Field Note: Eagles At Play

Published: April 13, 2018


By Mark Seth Lender


A juvenile bald eagle perched in a tree (Photo: Mark Seth Lender)

In this field note, Living on Earth’s Explorer-in-Residence Mark Seth Lender remarks on the powerful hold the American Bald Eagle has on our collective awe, and on how severely we have decimated their numbers in the centuries since Europeans landed on North America’s shores.

The first time you see an adult bald eagle an image is painted in the mind’s eye, the white head, the great wings beating in their slow and powerful way like the single rower in an Eakins painting. And each and every time thereafter it is that first vision, recalled. We seldom stop to question why we feel this way. At least part of the answer is rara avis; literally “Rare Bird.”

Some people will tell you eagles are doing fine. There are plenty. It’s just fine if wind power kills a hundred; five hundred. Or they will claim, as they do, that in some places bald eagles are a pestilence. Are we to be reassured? Enough to deny our own remarkable experience?

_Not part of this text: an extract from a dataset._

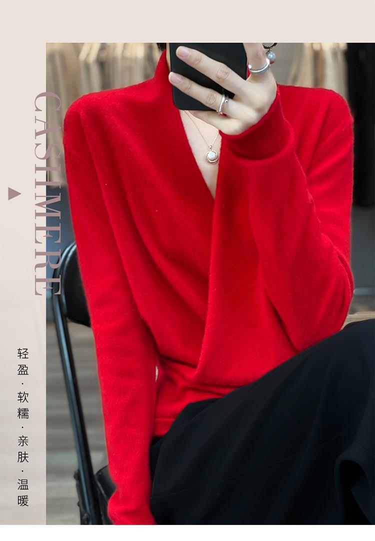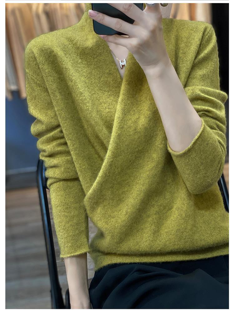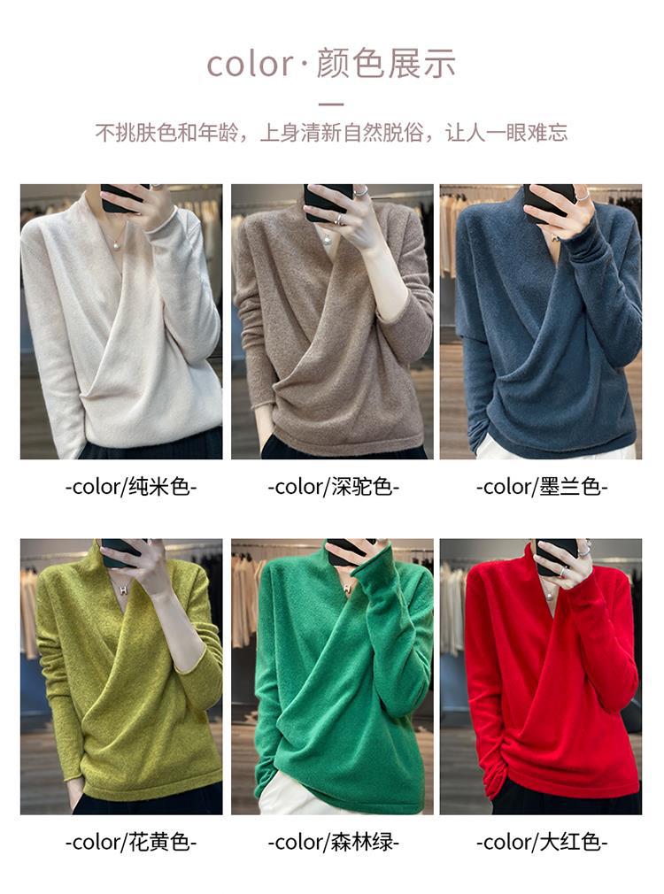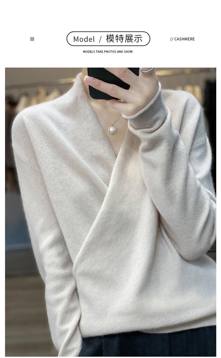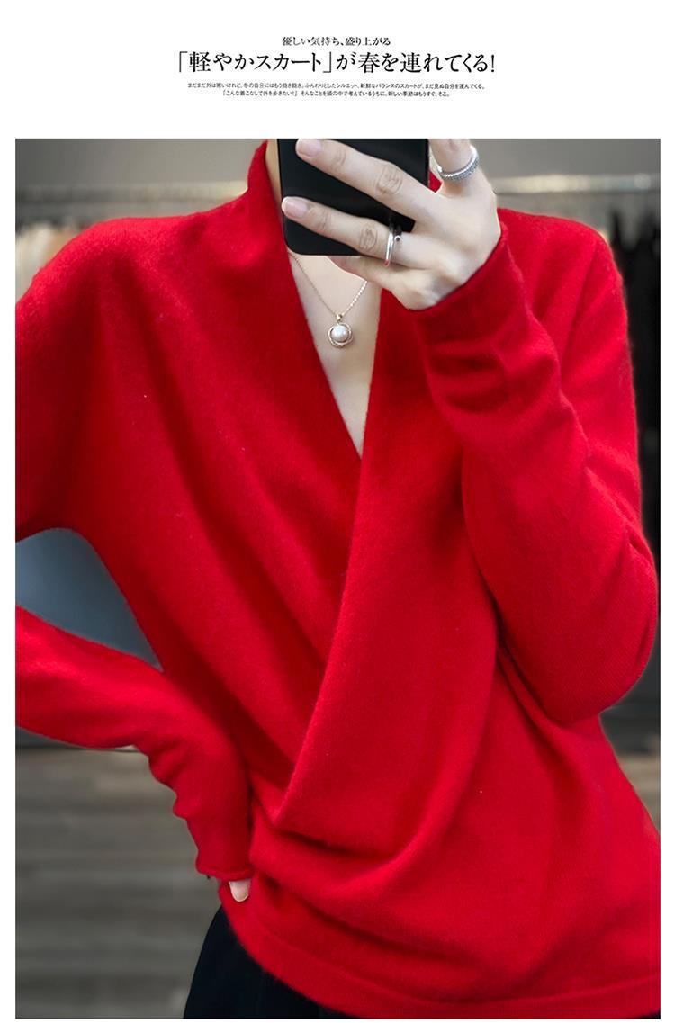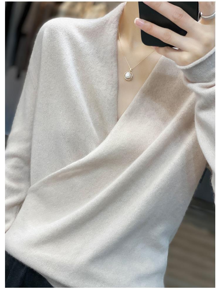 새로운 스타일 가슴 포장 100 순수 양모 스웨터 여성 패션 V-Neck 루즈 캐시미어 스웨터 가을과 겨울 서양식 니트 베이스 셔츠스토어 가기

Before European contact there were bald eagles in North American by the hundreds of thousands. They were poisoned (advertently as pests, inadvertently by DDT), shot because ranchers thought they took livestock (they don’t) or for sport, or both; had their habitat destroyed. And the number of bald eagles plummeted. With the banning of DDT, and deliberate eradication of eagles constrained, the population rebounded. But by how much? Ten percent of what they were before? Twenty? Our perception of the eagle as exceptional rings true. In more ways than one.